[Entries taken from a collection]
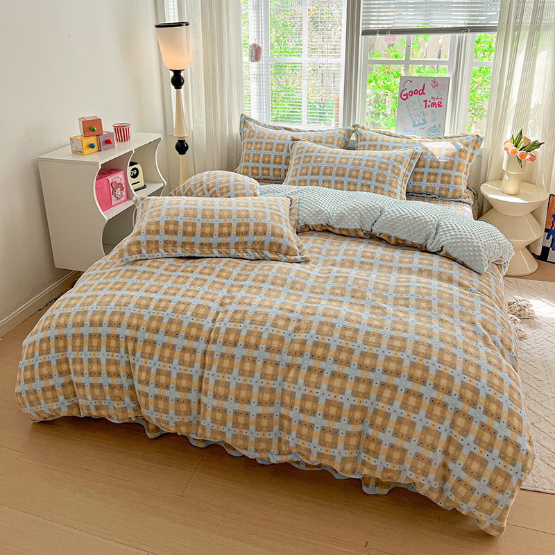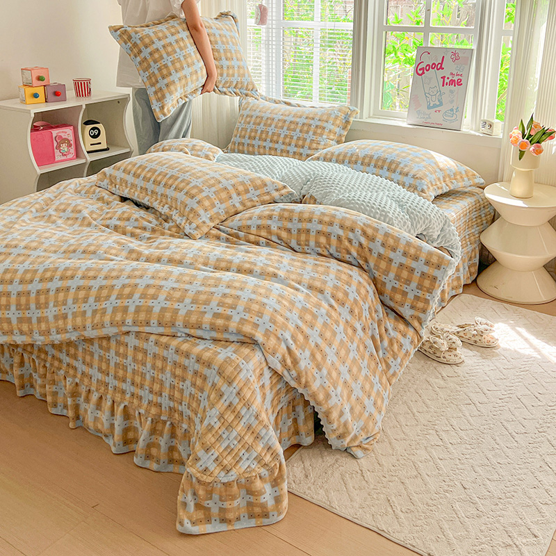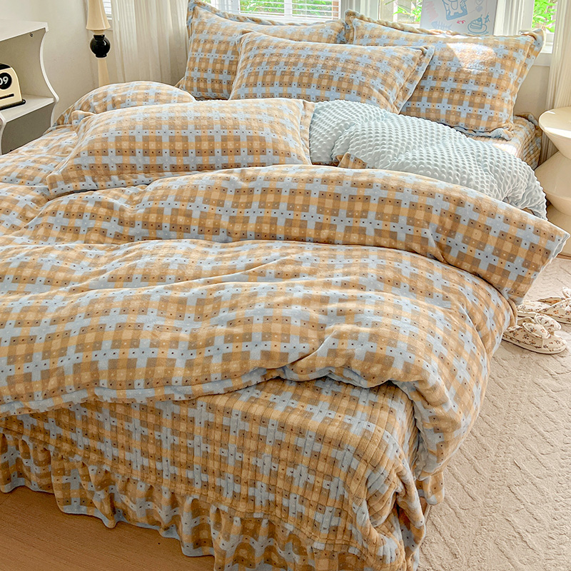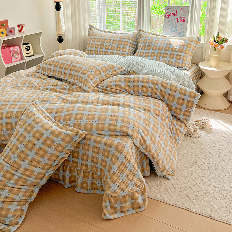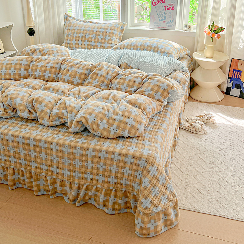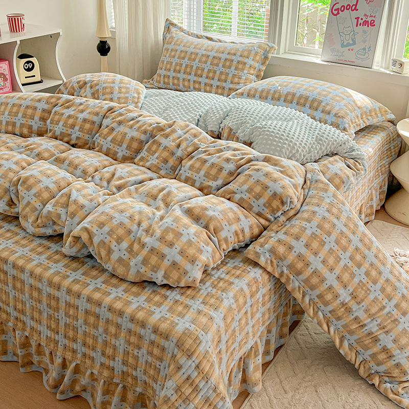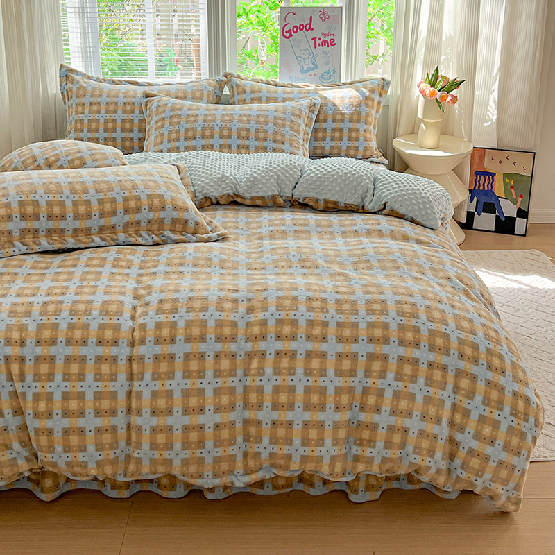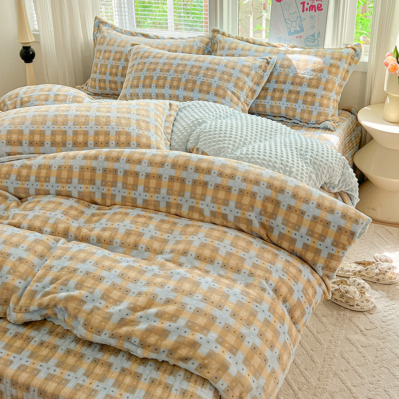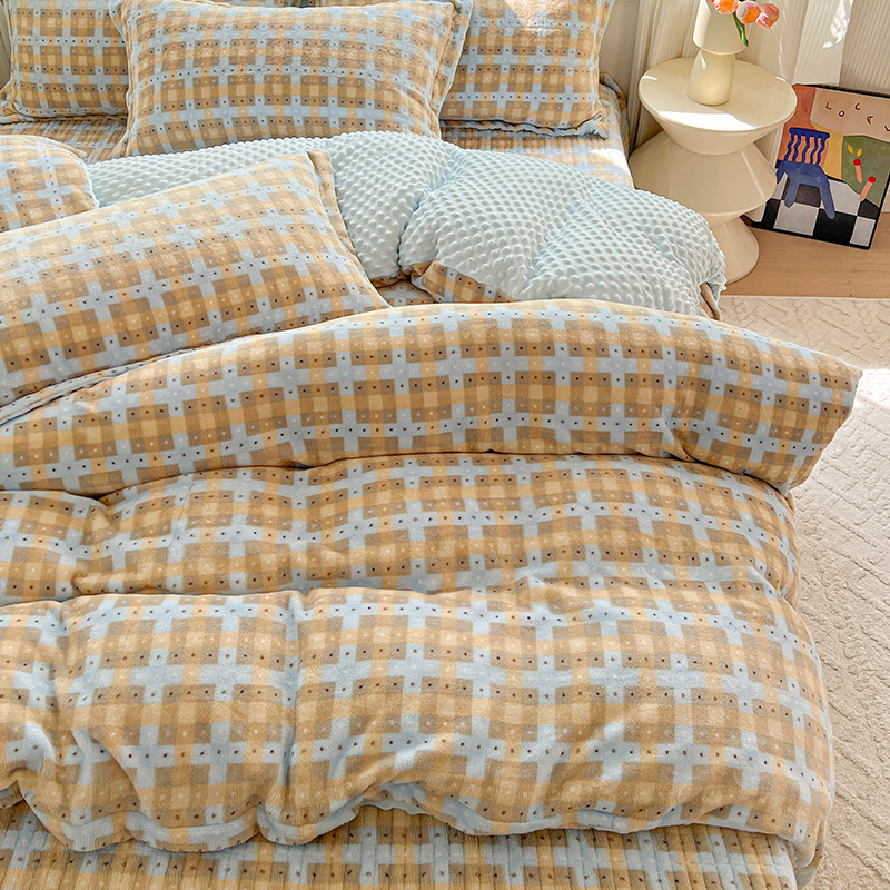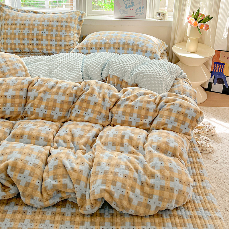 当前位置: 91家纺网 > 商品网购 > 床品套件 > 四件套 > 牛奶绒四件套 > 一比一 2025新款加厚保暖豆豆牛奶绒床盖款四件套简爱
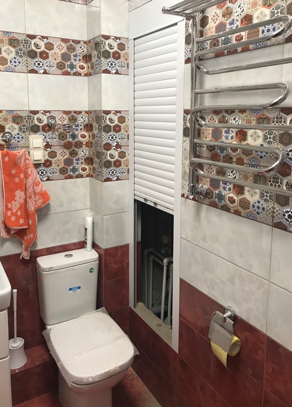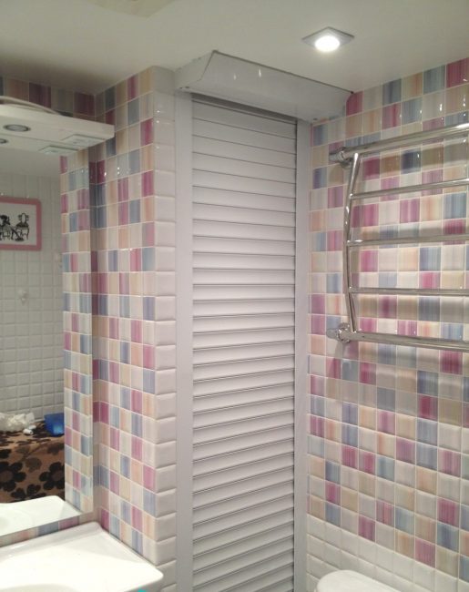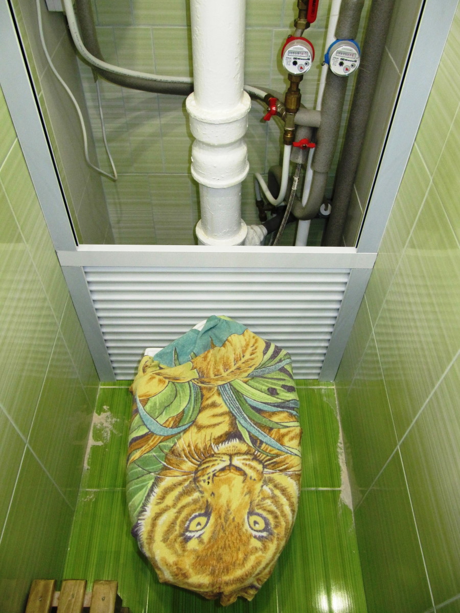 Fotoğraftaki örnekler, banyoda borunun panjurlarının nasıl kapatılacağı, makalenin sonuna yerleştirilir.
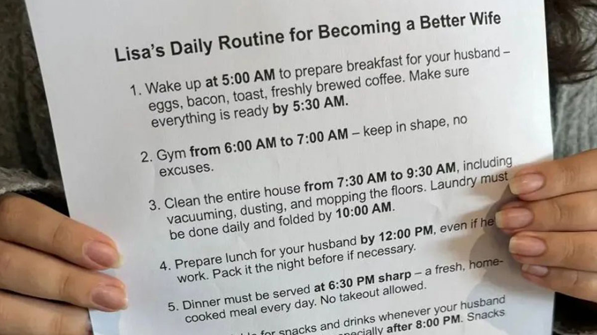 Recently, there’s been a certain list circulating online. Titled “Lisa’s Daily Routine for Becoming a Better Wife”, it has taken the internet by storm. People on many different social media platforms, from Threads to TikTok and Reddit, are reacting to it. And – spoiler alert – many are pretty furious about it.
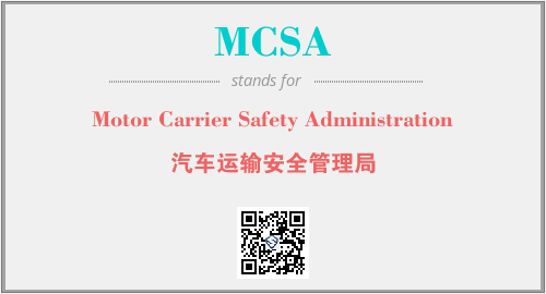 英文缩略词“MCSA”经常作为“Motor Carrier Safety Administration”的英文缩写来使用,中文表示:“汽车运输安全管理局”。本文将详细介绍英文缩写词MCSA所代表英文单词,其对应的中文拼音、详细解释以及在英语中的流行度。此外,还有关于缩略词MCSA的分类、应用领域及相关应用示例等。
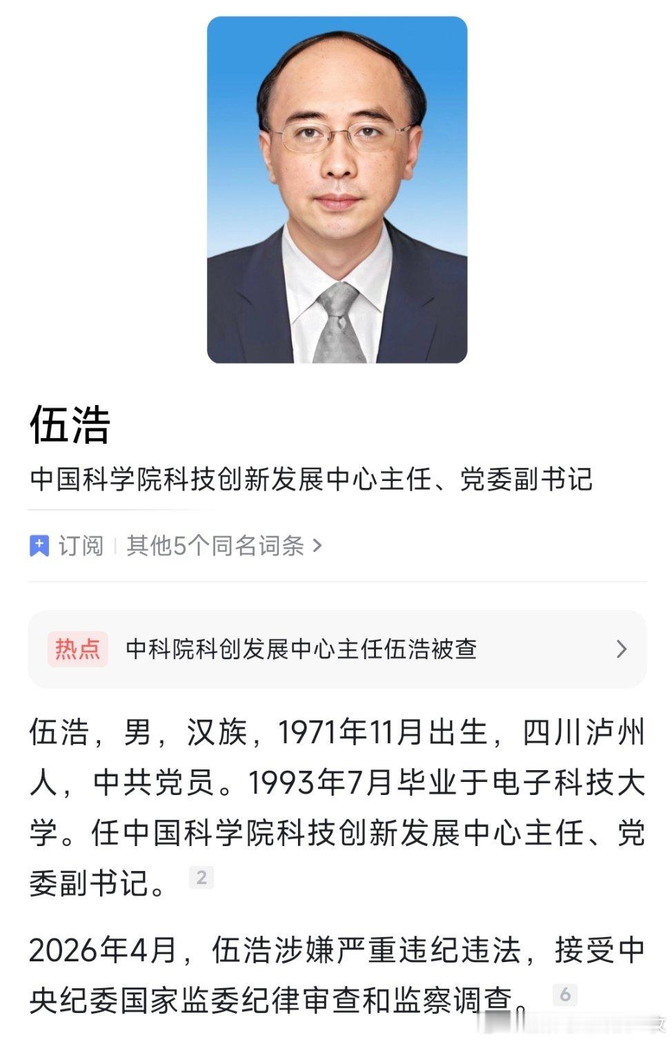 中科院科技创新发展中心主任被查中国科学院科技创新发展中心党委副书记、主任伍浩接受
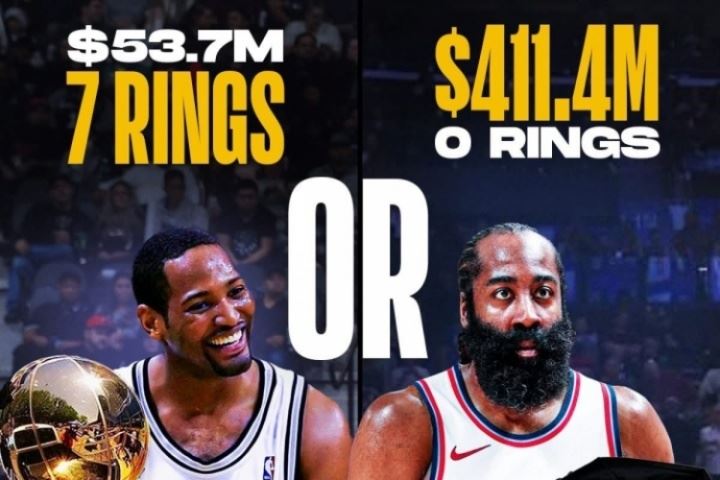 詹姆斯-哈登的(薪资)收入已经超过了4.11亿美元,但NBA生涯至今冠军数仍是0。

## Exercise aim
Print the data exactly, from its first line to the line containing "Fotoğraftaki örnekler, banyoda", both included. Omit the pictures.

## Answer space
 当前位置: 91家纺网 > 商品网购 > 床品套件 > 四件套 > 牛奶绒四件套 > 一比一 2025新款加厚保暖豆豆牛奶绒床盖款四件套简爱
 Fotoğraftaki örnekler, banyoda borunun panjurlarının nasıl kapatılacağı, makalenin sonuna yerleştirilir.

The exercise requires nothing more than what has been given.